======== EXCERPTED RECORDS

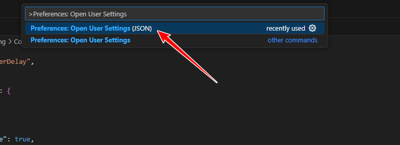 - اكتب Preferences: Open User Settings (JSON) وحدده.
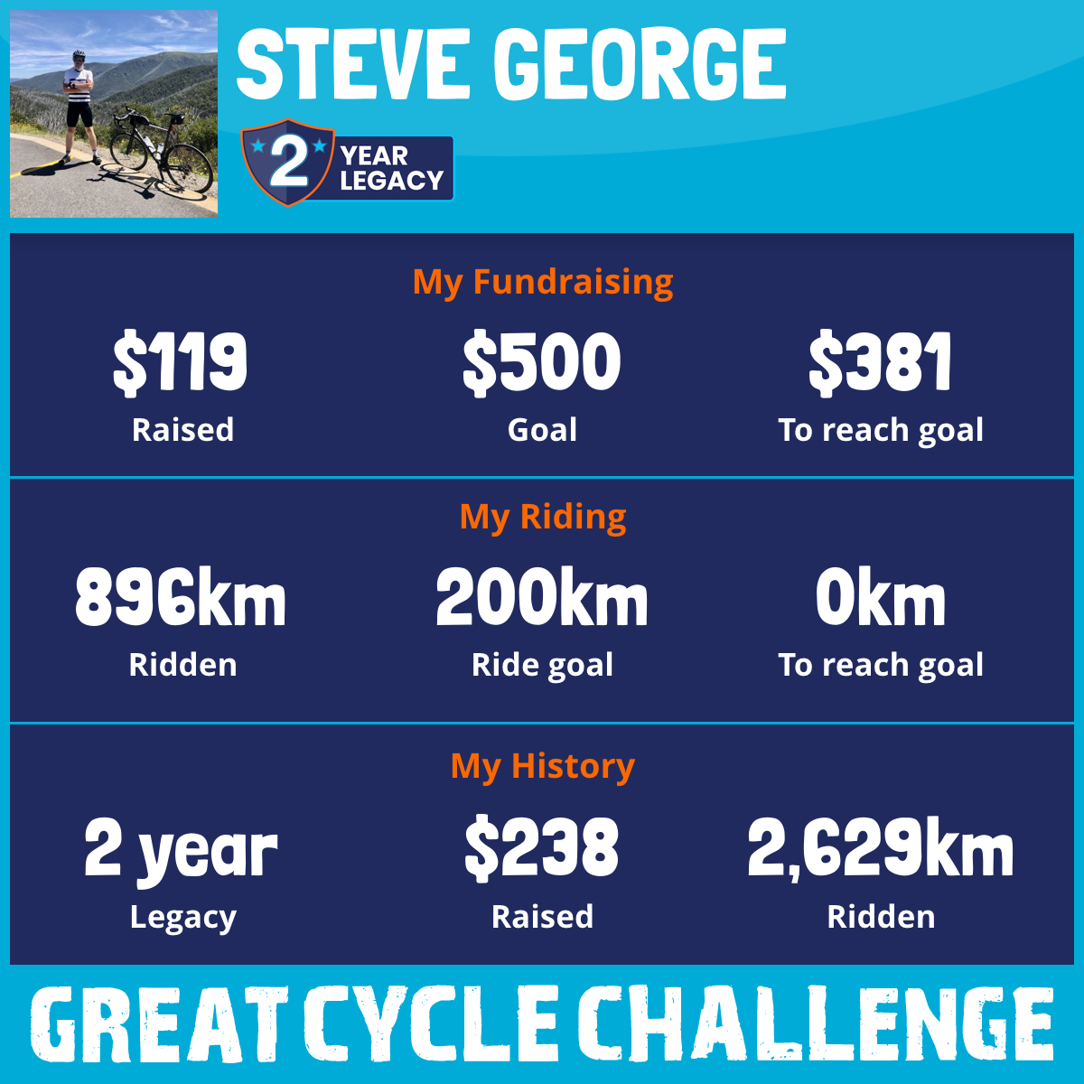 896 km Ridden$119 Raised2026
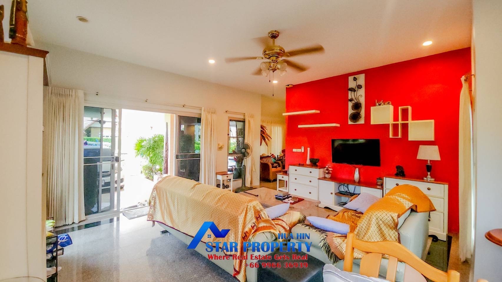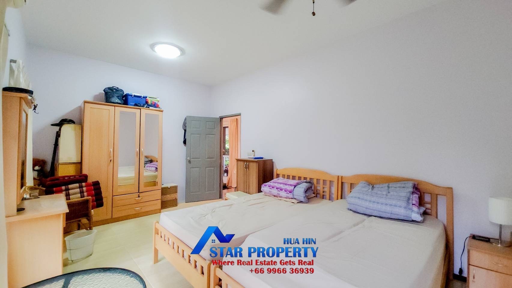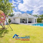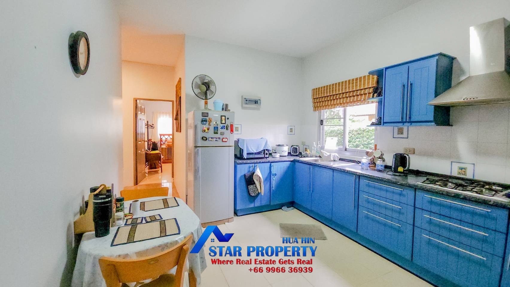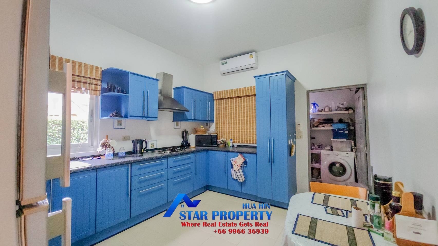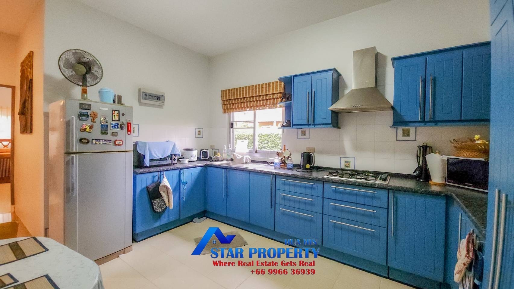 Pool villa in a beautiful location, only 6 km from the city center and beach, located in Hua Hin soi 112 south of Huahin. There has an large outdoor area, a private swimming pool. The villa has 2 Bedrooms and 2 Bathrooms, and storage room. The living area 180 sq.m. and land area 480 sq.m (120 sq.w). The European-style kitchen, air condition in every room. Transfer ownership 50/50. 24 hours security.
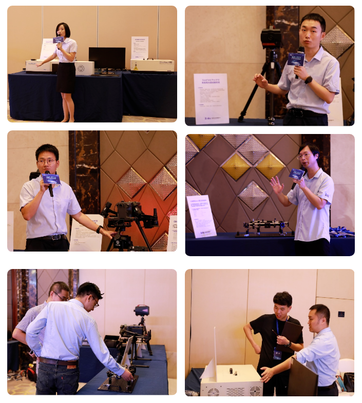 高端国产仪器展示区展示了模块化Omnifluo900稳态瞬态荧光光谱仪,具有国标级别安全防护的X射线辐射发光样品仓,基于无人机系统机载高光谱成像系统和地面高光谱成像系统,可以进行更便捷光学系统搭建的CS系列笼式系统组件,具有高精度,纳米级分辨率的室温压电线性位移台。在会议茶歇间隙,来自快盈lV公司的产品专家们对展示的仪器进行了现场详细的讲解。
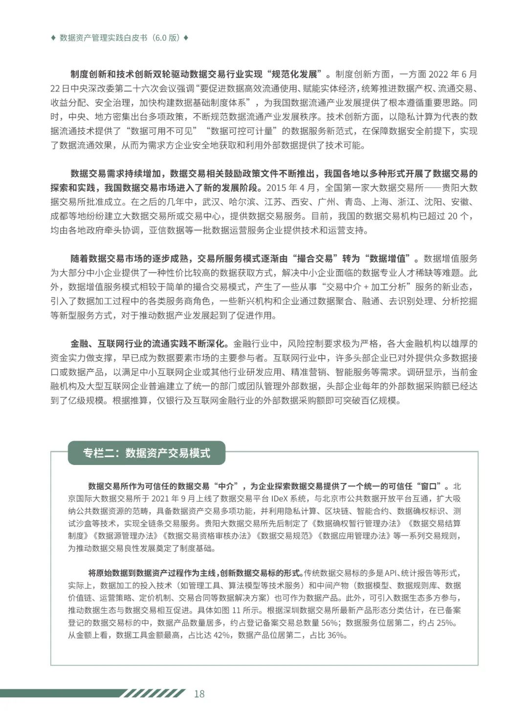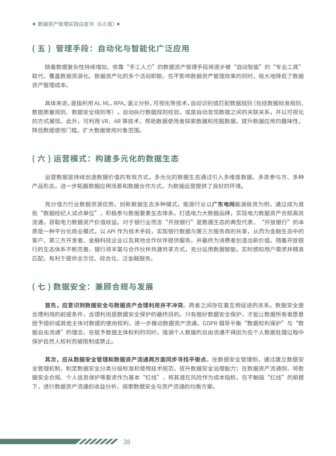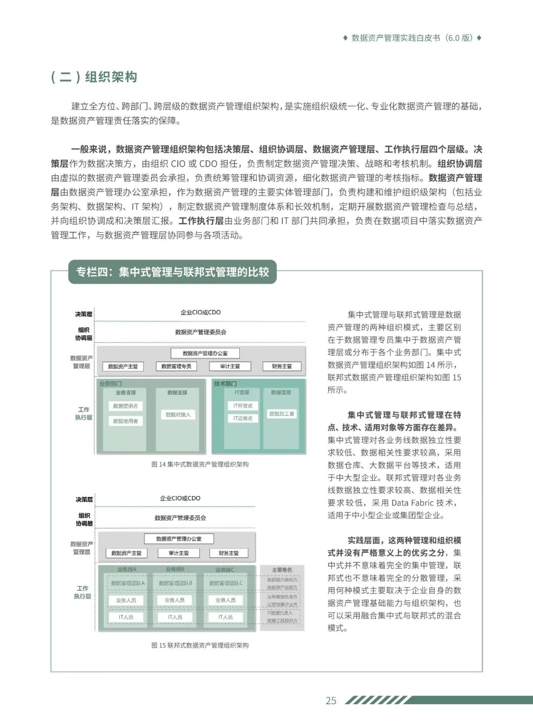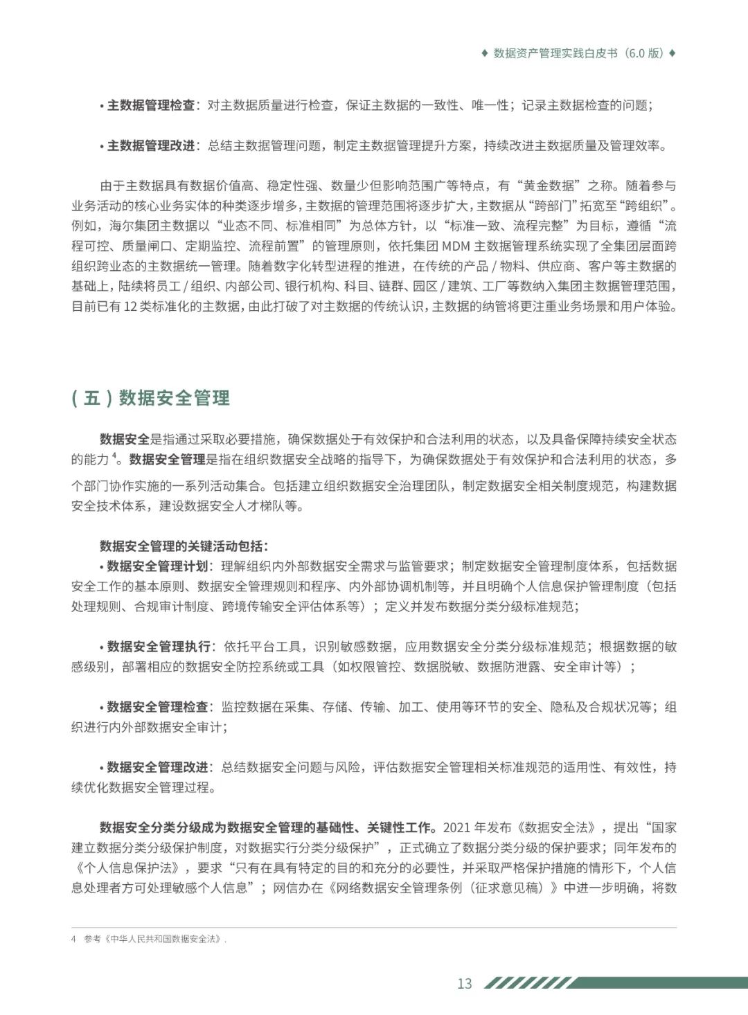 《数据资产管理实践白皮书(6.0版)》在《数据资产管理实践白皮书(5.0版)》的基础上,结合2022年数据资产管理领域政策和行业动向,持续跟踪各行业典型方法和实践案例,更新了数据资产管理的理念和方法,对数据资产管理领域的发展现状和趋势进行了总结,有助于企业了解自身所处的发展阶段,更好的拟定下一步建设思路。
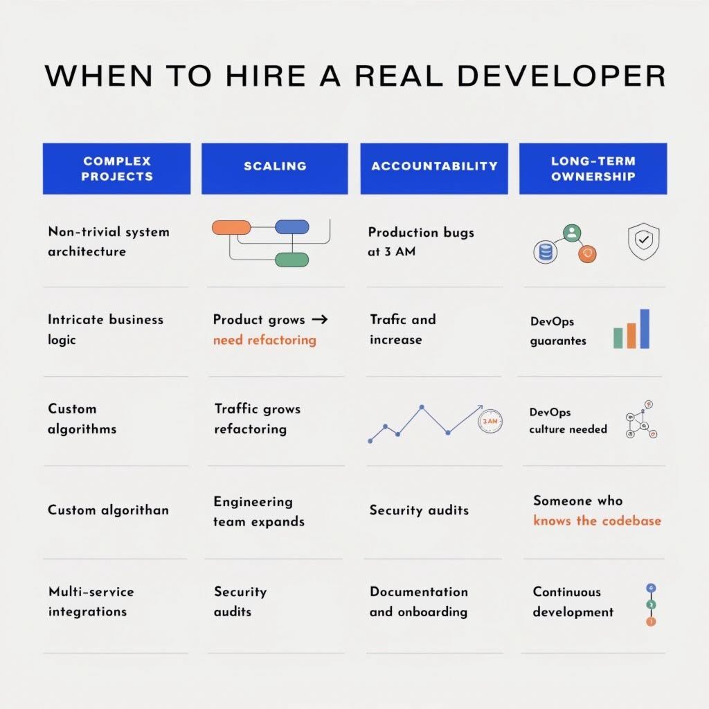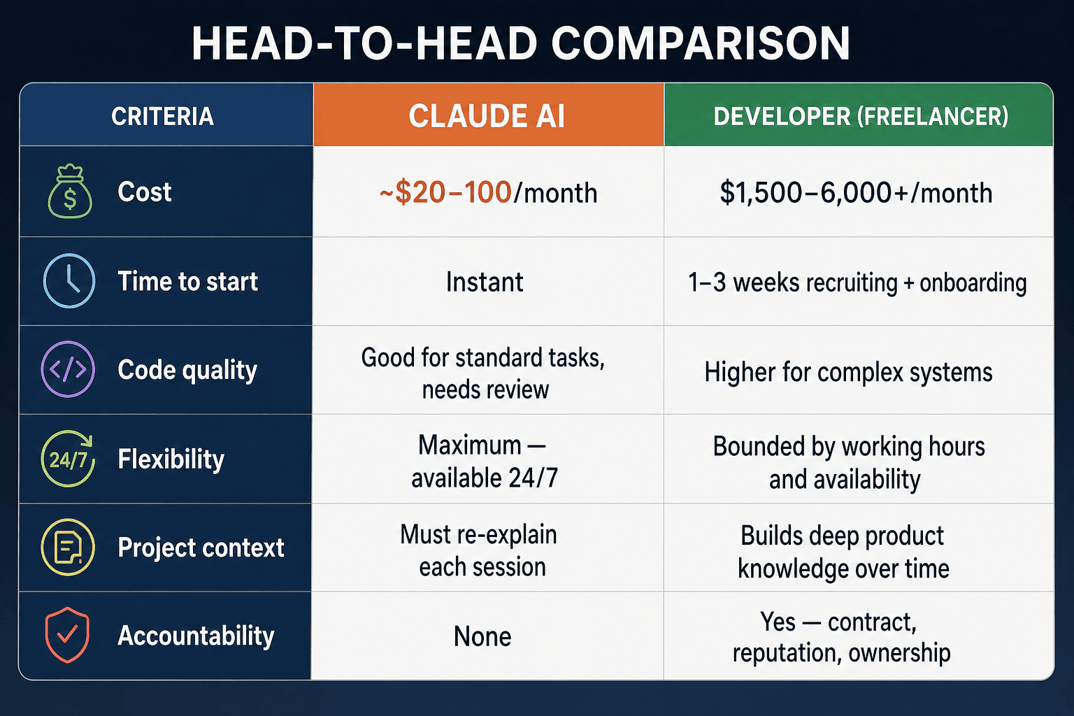 Not long ago, "should I hire a developer?" had an obvious answer: yes, if you want a product. But the market has shifted. Claude and other AI assistants can write code, reason about architecture, and generate entire components in seconds. So founders, PMs, and solo builders are now asking a genuinely reasonable question: do I actually need to hire anyone?
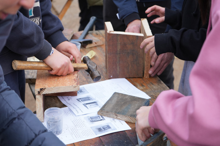 Ensamblado una de las cajas nido en el taller. Foto: Ana Jiménez Rey.
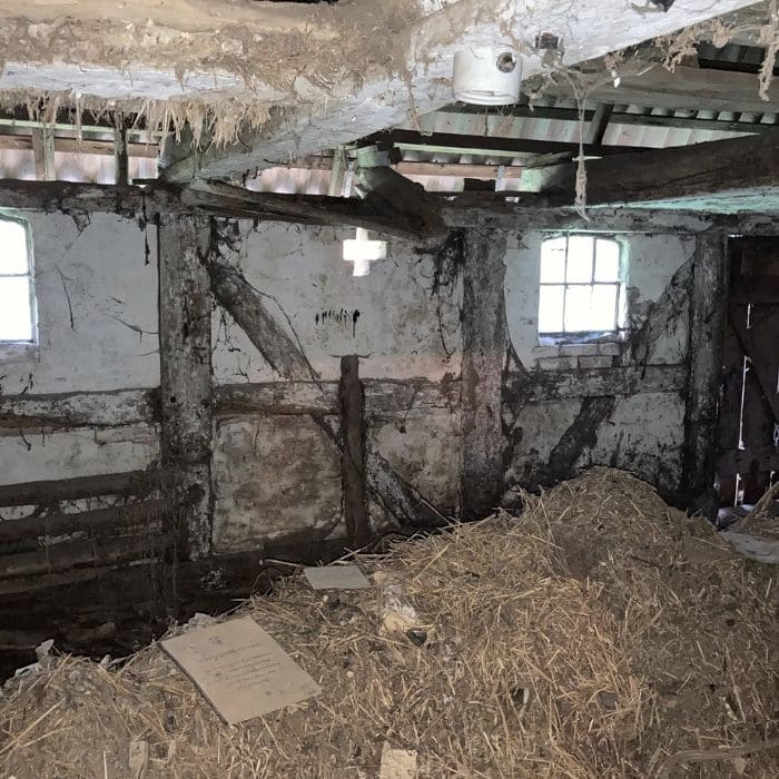 We stepped into what used to be the barn area, where wooden posts darkened with age held up the roof. Straw still covered parts of the floor, along with crumbling pieces of clay and lathe.
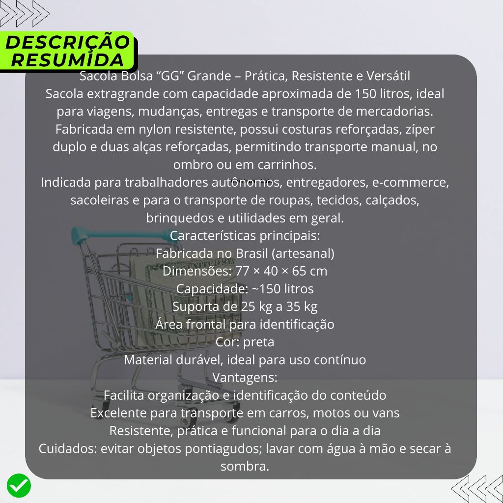 BOLSA SACOLÃO "GG" Para VIAGEM SACOLEIRA MUDANÇA Transporte Bolsa COM ZÍPER para Cadeado Sacola GRANDE

================

▸ **TASK DETAILS**
From the first line of the records through the line containing "高端国产仪器展示区展示了模块", please output exactly those lines and nothing more, leaving out the pictures.

▸ **RESPONSE TO THE EXERCISE**
 - اكتب Preferences: Open User Settings (JSON) وحدده.
 896 km Ridden$119 Raised2026
 Pool villa in a beautiful location, only 6 km from the city center and beach, located in Hua Hin soi 112 south of Huahin. There has an large outdoor area, a private swimming pool. The villa has 2 Bedrooms and 2 Bathrooms, and storage room. The living area 180 sq.m. and land area 480 sq.m (120 sq.w). The European-style kitchen, air condition in every room. Transfer ownership 50/50. 24 hours security.
 高端国产仪器展示区展示了模块化Omnifluo900稳态瞬态荧光光谱仪,具有国标级别安全防护的X射线辐射发光样品仓,基于无人机系统机载高光谱成像系统和地面高光谱成像系统,可以进行更便捷光学系统搭建的CS系列笼式系统组件,具有高精度,纳米级分辨率的室温压电线性位移台。在会议茶歇间隙,来自快盈lV公司的产品专家们对展示的仪器进行了现场详细的讲解。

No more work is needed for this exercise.